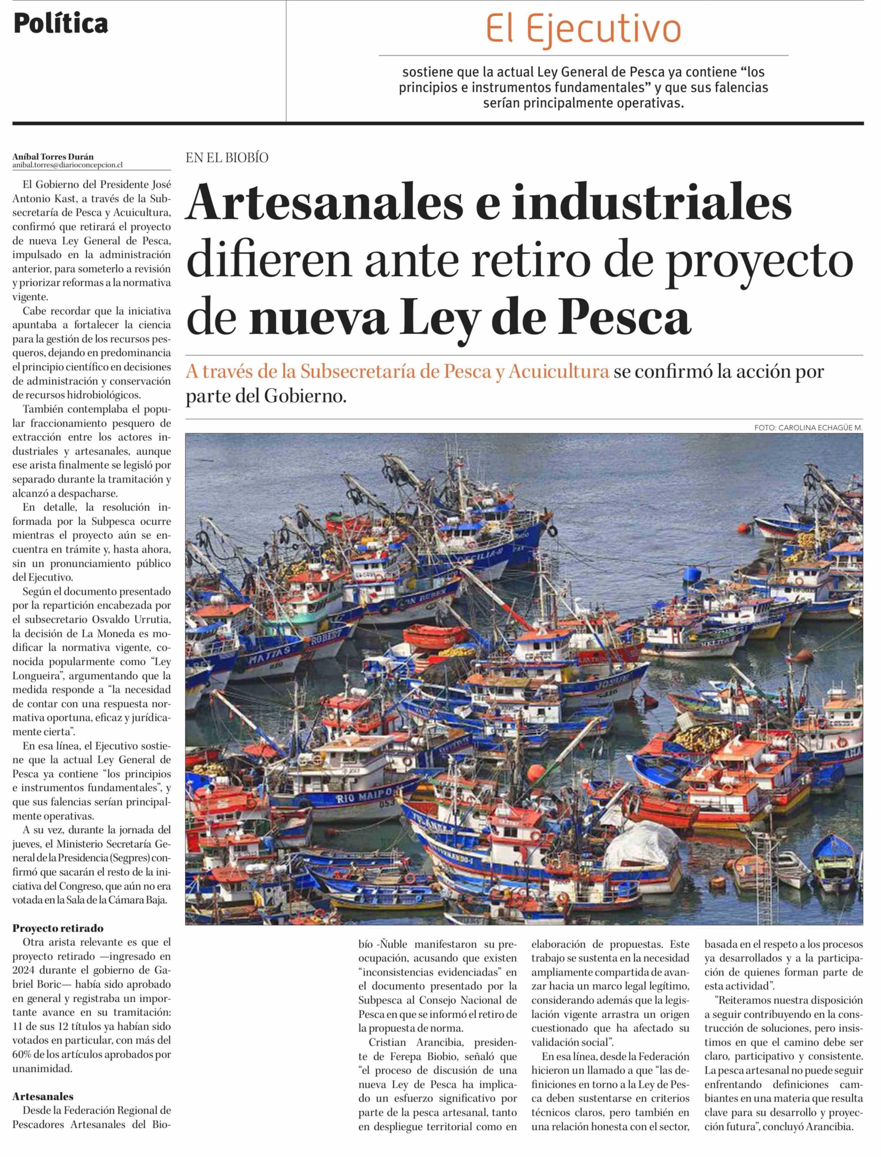 Artesanales e industriales difieren ante retiro de proyecto de nueva Ley de Pesca 27-03-2026 Diario Concepción |
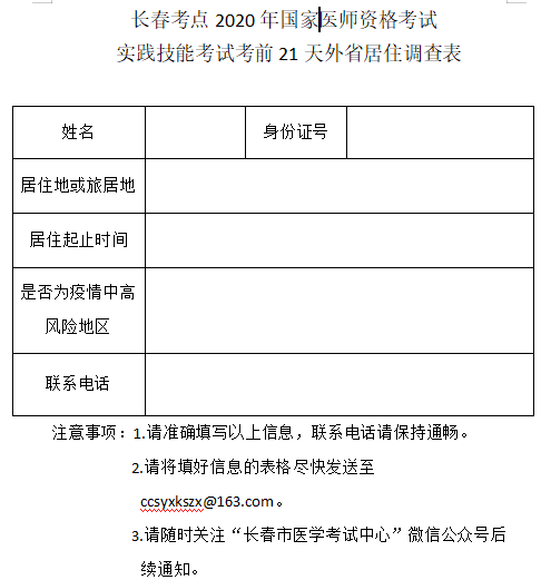 为有效应对当前疫情的风险挑战,保障广大考生和考试工作人员的生命安全和身体健康,保障长春考点2020年医师资格考试实践技能考试安全有序进行,按照长春考点疫情防控方案要求,请参加长春考点2020年国家医师资格考试实践技能考试、且考前21天有外省旅居史的考生下载并填写《实践技能考试考前21天外省居住调查表》(见附件),具体要求如下:
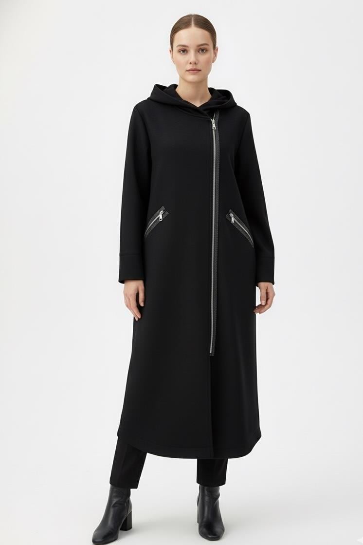 Armine Trend 25KT504 Fermuarları Parlak Biye Detay Kap - Siyah
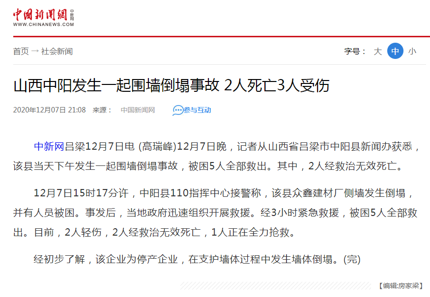 經(jīng)初步了解,該企業(yè)為停產(chǎn)企業(yè),在支護(hù)墻體過(guò)程中發(fā)生墻體倒塌。
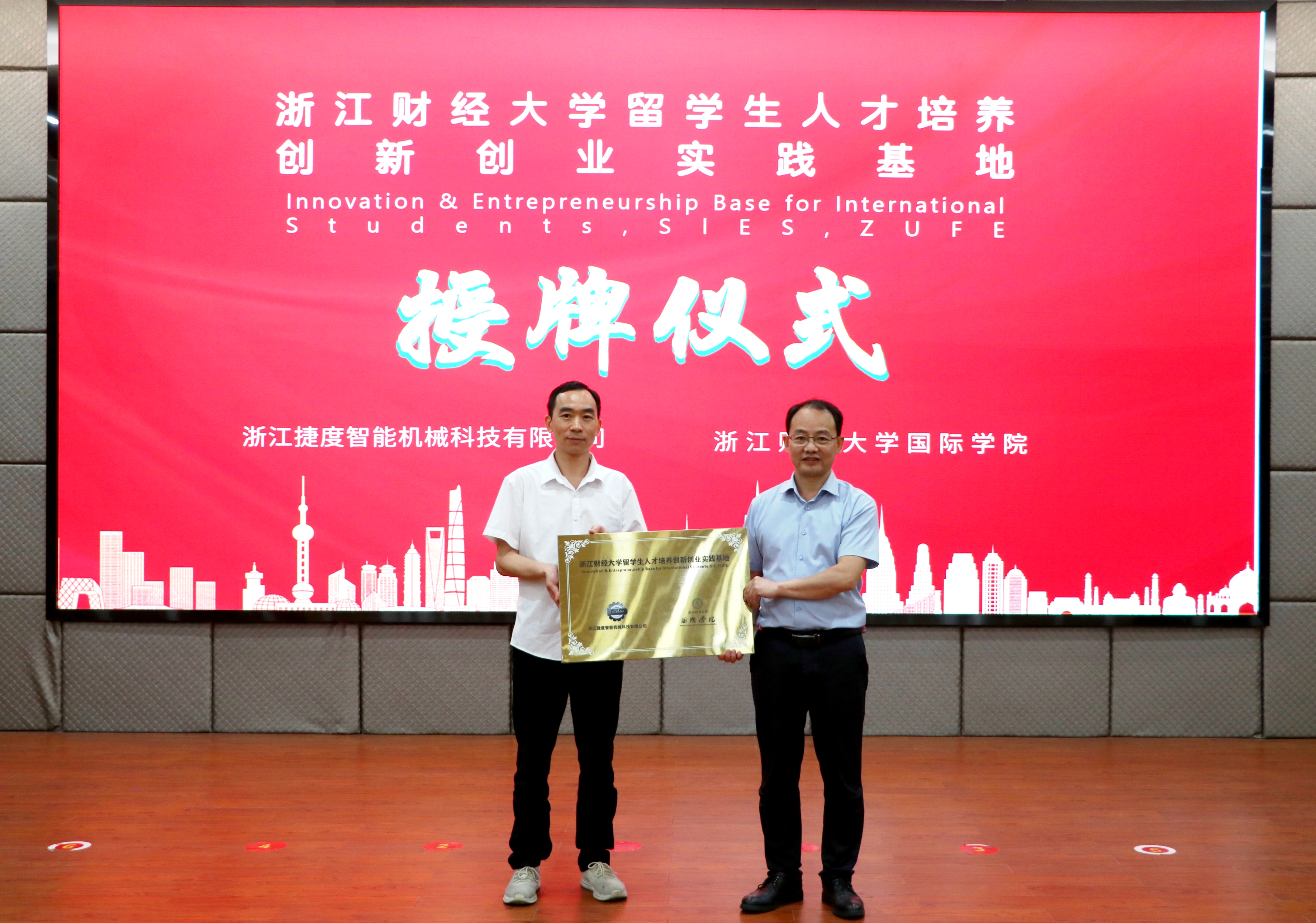 在浙江捷度智能机械科技有限公司,留学生们参观了自动化生产线,近距离观察制造流程。随后,校企双方举行“浙江财经大学留学生人才培养创新创业实践基地”授牌仪式。此次合作将为国际学生搭建“理论学习+产业实践+创业孵化”的一体化平台,助力培养具备国际竞争力的应用型人才。
·····
**What you will do**
Produce a word-for-word copy of the records, omitting all images.

**Response**
 Artesanales e industriales difieren ante retiro de proyecto de nueva Ley de Pesca 27-03-2026 Diario Concepción |
 为有效应对当前疫情的风险挑战,保障广大考生和考试工作人员的生命安全和身体健康,保障长春考点2020年医师资格考试实践技能考试安全有序进行,按照长春考点疫情防控方案要求,请参加长春考点2020年国家医师资格考试实践技能考试、且考前21天有外省旅居史的考生下载并填写《实践技能考试考前21天外省居住调查表》(见附件),具体要求如下:
 Armine Trend 25KT504 Fermuarları Parlak Biye Detay Kap - Siyah
 經(jīng)初步了解,該企業(yè)為停產(chǎn)企業(yè),在支護(hù)墻體過(guò)程中發(fā)生墻體倒塌。
 在浙江捷度智能机械科技有限公司,留学生们参观了自动化生产线,近距离观察制造流程。随后,校企双方举行“浙江财经大学留学生人才培养创新创业实践基地”授牌仪式。此次合作将为国际学生搭建“理论学习+产业实践+创业孵化”的一体化平台,助力培养具备国际竞争力的应用型人才。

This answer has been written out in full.